═══ Input data ═══

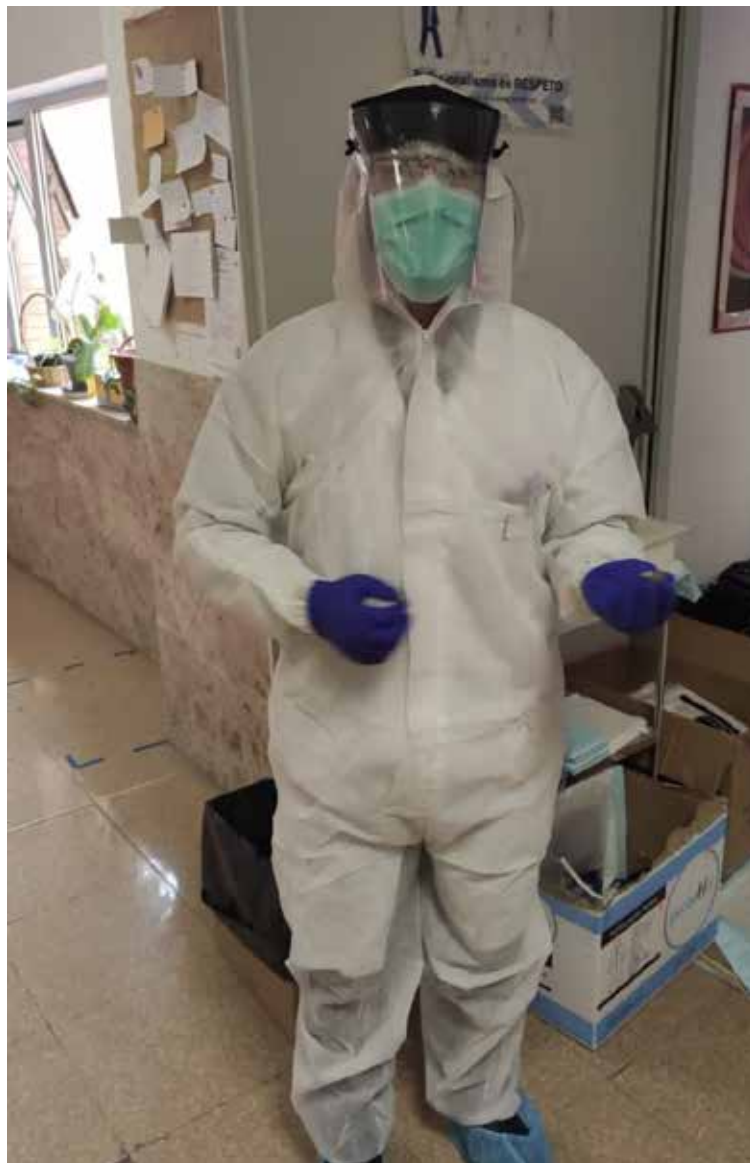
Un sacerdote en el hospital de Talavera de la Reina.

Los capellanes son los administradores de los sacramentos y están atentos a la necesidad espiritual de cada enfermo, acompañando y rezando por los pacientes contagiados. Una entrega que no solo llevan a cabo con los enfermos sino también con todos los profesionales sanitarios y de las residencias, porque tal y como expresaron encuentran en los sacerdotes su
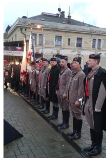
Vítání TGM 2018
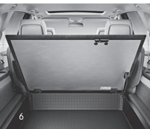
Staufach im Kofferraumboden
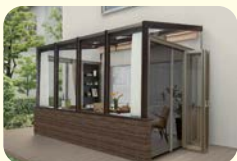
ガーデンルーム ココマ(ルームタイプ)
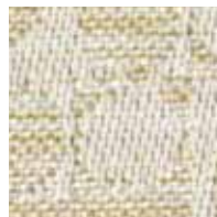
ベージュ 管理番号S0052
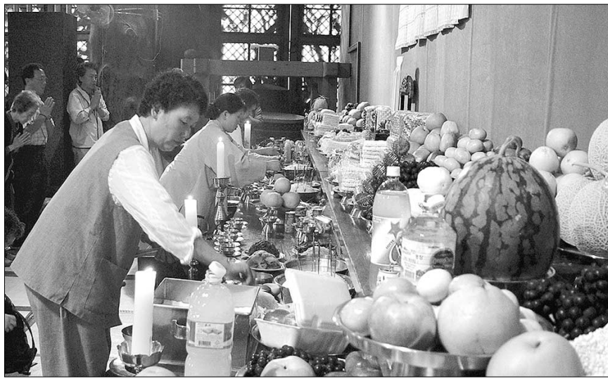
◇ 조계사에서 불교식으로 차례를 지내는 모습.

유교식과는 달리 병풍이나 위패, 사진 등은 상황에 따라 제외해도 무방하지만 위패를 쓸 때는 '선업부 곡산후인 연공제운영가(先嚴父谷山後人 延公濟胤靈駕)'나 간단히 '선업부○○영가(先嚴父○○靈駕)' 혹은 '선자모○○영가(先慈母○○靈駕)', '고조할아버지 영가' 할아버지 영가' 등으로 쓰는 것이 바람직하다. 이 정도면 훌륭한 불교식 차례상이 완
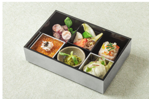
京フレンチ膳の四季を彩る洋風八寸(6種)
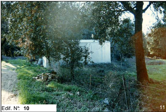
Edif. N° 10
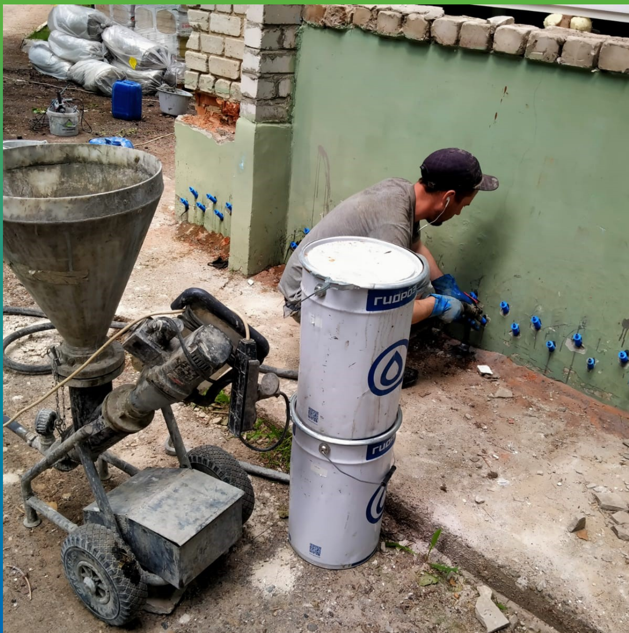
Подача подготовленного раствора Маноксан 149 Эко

═══
═══ Input data ═══

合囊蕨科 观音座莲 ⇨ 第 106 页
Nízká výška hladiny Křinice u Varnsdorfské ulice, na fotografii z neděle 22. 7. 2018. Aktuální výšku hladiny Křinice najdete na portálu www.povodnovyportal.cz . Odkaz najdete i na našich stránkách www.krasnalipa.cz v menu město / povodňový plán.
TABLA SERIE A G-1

═══
═══ Input data ═══

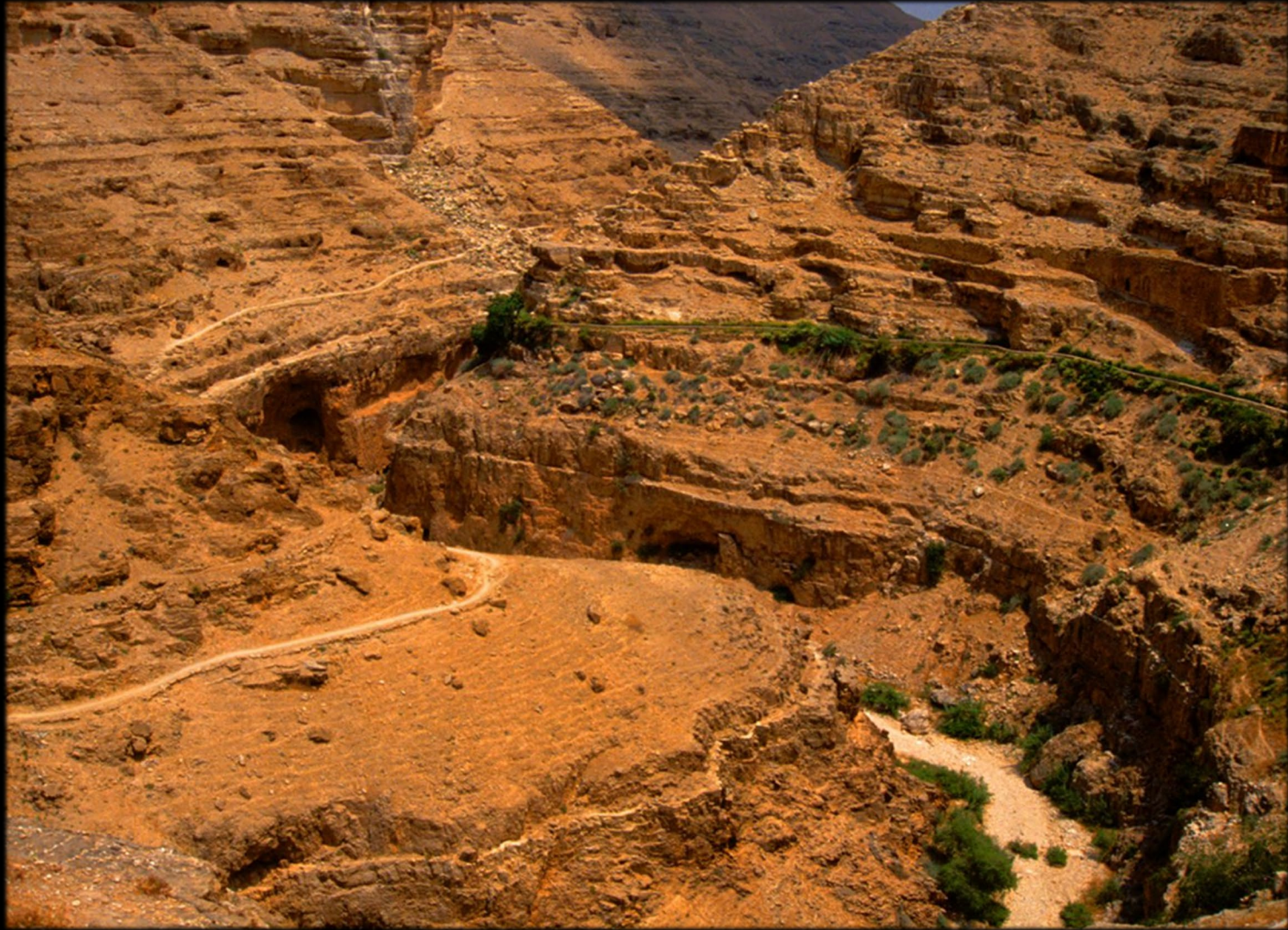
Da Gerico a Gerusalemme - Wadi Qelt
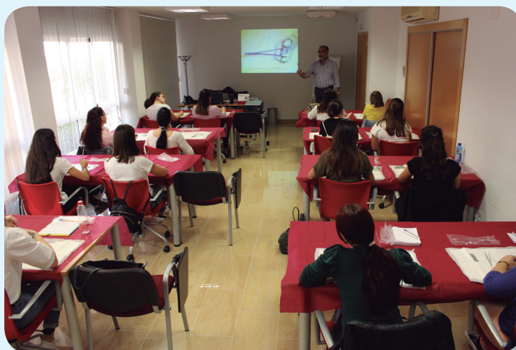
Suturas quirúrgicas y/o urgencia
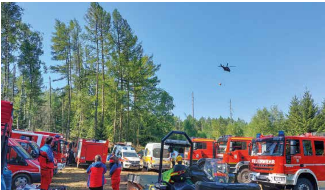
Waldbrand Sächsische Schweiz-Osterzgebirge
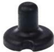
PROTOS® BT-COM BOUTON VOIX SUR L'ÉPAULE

═══

Would you transcribe the lines above exactly, going from the line bearing "ガーデンルーム ココマ(ルームタイプ)" through the line bearing "Edif. N° 10", and drop the pictures from the copy?

● **Response to the task**
ガーデンルーム ココマ(ルームタイプ)
ベージュ 管理番号S0052
◇ 조계사에서 불교식으로 차례를 지내는 모습.

유교식과는 달리 병풍이나 위패, 사진 등은 상황에 따라 제외해도 무방하지만 위패를 쓸 때는 '선업부 곡산후인 연공제운영가(先嚴父谷山後人 延公濟胤靈駕)'나 간단히 '선업부○○영가(先嚴父○○靈駕)' 혹은 '선자모○○영가(先慈母○○靈駕)', '고조할아버지 영가' 할아버지 영가' 등으로 쓰는 것이 바람직하다. 이 정도면 훌륭한 불교식 차례상이 완
京フレンチ膳の四季を彩る洋風八寸(6種)
Edif. N° 10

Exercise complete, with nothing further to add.